In March 2026, a second wave of rogue peering connections targeted a device running a newer, patched software version that had been fixed for CVE‑2026‑20127. Cisco has since confirmed those connections did not leverage CVE‑2026‑20182, and Mandiant raised the possibility that stolen certificates from an earlier breach of the same device may have been used for initial access in the second wave. It remains “unclear if these two events are connected and the work of the same threat actor,” Mandiant stated.

Anti-forensics and escalation: how the attacker moved to root

According to Mandiant researchers Chester Sng, Pete Boonyakarn, and Logeswaran Nadarajan, the actor “consistently employed anti‑forensic techniques, selectively deleting and restoring system configuration files that were modified during their activities.” After gaining or using elevated credentials, the actor changed default admin credentials, exploited CVE‑2026‑20245 via the malicious CSV upload, and “create[d] a rogue user account (named 'troot') with full root‑level shell control.”

Google Threat Intelligence Group principal threat analyst Austin Larsen described a chain of actions aimed at hiding traces: “They escalated to root through a malicious CSV upload, created a hidden 'troot' account in /etc/passwd and /etc/shadow, then deleted every file they touched and ran a validation script to confirm their indicators were gone.” Mandiant also reported that the actor exfiltrated the SD‑WAN fabric configuration and temporarily changed the SD‑WAN admin password back to its original value so an administrator would be unlikely to detect anything amiss.

Impact on the communications service provider and SD‑WAN visibility

Mandiant attributes the intrusion to an effort to elevate a compromised admin account to full root‑level access within the targeted communications service provider’s SD‑WAN environment. Google warned that “edge devices like SD‑WAN” lack the telemetry needed for deep forensic analysis and that a foothold in such systems “can facilitate persistent visibility into internal traffic across the fabric.”

Charles Carmakal, chief technology officer of Mandiant Consulting, summarized the operational preference of advanced actors: “Advanced adversaries continue to primarily target and exploit network devices and other systems that don't natively support EDR solutions.” The combination of authentication bypasses, stolen certificates, and a privilege‑escalation zero‑day illustrates how attackers can chain weaknesses at the edge into persistent, high‑level access.

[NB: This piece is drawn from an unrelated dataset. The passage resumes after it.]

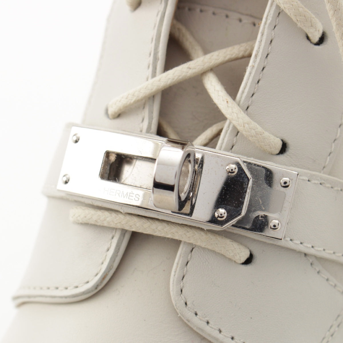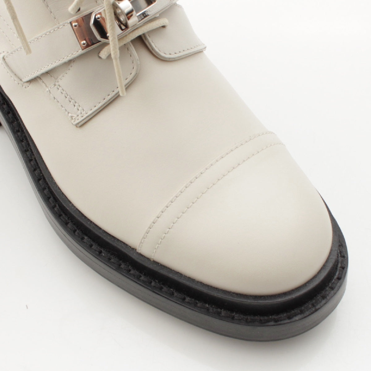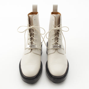 HERMES leather Funk Ankle Kelly Metal Lace-up boots shoes WS222069Z white 35 1/2
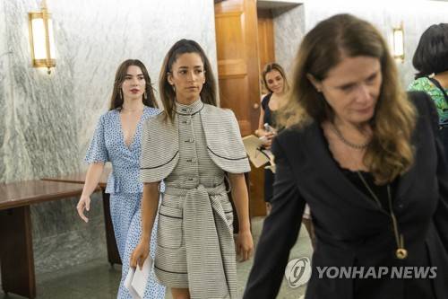 epa09469650 US Gymnasts Aly Raisman (2-L), McKayla Maroney (L) and Maggie Nichols (2-R) arrive for the Senate Judiciary Committee hearing on Dereliction of Duty: Examining the Inspector General's Report on the FBI's Handling of the Larry Nassar Investigation on Capitol Hill in Washington, DC, USA, 15 September 2021. EPA/SHAWN THEW

What this means for technologists, policymakers, and affected enterprises

  • Technologists and security teams: The incident underscores the need to monitor for unusual peering connections and to track changes to admin credentials and exported fabric configurations. Mandiant’s account highlights specific forensic signals—hidden accounts in /etc/passwd and /etc/shadow, malicious CSV uploads, and scripts that erase indicators—that defenders can look for when investigating SD‑WAN controllers.
  • Procurement leaders and affected enterprises: Devices that “don't natively support EDR solutions,” as Mandiant put it, can become high‑value targets; teams responsible for vendor risk and patch management should note that undisclosed authentication bypass flaws (CVE‑2026‑20127 and CVE‑2026‑20182) played a role in the earlier wave and that even patched devices can be targeted via stolen certificates or reused credentials.
  • Policymakers and regulators: The attack against an unspecified communications service provider highlights a pathway by which attackers can obtain persistent visibility into internal traffic across a provider’s SD‑WAN fabric—an operational risk that may merit attention in continuity and resilience planning for critical communications infrastructure.

The Mandiant findings present a clear operational portrait: an adversary used a sequence of edge‑focused compromises—authentication bypasses, credential manipulation, a CSV‑based privilege escalation zero‑day, and deliberate anti‑forensics—to gain and maintain root control. Whether the two waves represent the same actor remains unresolved, but the incident reinforces Google’s observation of a “continuing trend” of weaponizing zero‑days in network edge devices and the difficulties defenders face when those devices lack deep telemetry.